### WHAT YOU ARE ASKED TO DO
Your job with the data below is to output exactly the lines from the one holding "Духи на черном" down to the one holding "Like every other", both included, and no others.

### AVAILABLE DATA
Start of Block

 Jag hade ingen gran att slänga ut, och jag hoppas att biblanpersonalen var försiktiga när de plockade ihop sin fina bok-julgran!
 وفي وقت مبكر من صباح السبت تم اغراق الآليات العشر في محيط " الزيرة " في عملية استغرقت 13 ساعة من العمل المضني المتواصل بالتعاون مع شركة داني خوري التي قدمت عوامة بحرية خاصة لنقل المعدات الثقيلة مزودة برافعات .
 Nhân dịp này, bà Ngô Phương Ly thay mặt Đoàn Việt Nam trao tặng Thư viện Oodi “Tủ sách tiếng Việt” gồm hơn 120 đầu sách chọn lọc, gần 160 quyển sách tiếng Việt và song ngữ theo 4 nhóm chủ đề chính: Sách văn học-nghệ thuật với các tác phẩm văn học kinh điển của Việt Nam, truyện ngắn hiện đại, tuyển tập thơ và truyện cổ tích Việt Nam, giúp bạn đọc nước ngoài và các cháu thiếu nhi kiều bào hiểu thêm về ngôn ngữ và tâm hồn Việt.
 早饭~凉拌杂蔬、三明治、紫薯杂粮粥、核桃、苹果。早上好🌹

End of Block
Start of Block

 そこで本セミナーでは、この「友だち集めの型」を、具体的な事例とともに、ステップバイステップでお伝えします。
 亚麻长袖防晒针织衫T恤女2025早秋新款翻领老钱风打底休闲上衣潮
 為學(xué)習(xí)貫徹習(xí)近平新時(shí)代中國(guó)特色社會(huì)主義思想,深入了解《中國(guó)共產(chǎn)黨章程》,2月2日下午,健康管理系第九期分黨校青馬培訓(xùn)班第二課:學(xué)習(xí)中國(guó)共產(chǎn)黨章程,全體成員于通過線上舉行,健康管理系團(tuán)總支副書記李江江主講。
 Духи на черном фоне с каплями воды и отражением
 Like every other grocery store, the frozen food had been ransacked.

End of Block
Start of Block

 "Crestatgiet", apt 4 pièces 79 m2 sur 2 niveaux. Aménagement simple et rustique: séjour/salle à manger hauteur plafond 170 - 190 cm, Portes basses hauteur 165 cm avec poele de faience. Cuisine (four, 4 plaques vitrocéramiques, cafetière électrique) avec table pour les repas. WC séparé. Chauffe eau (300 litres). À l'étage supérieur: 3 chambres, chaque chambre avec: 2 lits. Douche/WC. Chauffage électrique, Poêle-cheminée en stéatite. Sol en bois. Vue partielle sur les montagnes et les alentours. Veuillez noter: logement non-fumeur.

End of Block

### SOLUTION
 Духи на черном фоне с каплями воды и отражением
 Like every other grocery store, the frozen food had been ransacked.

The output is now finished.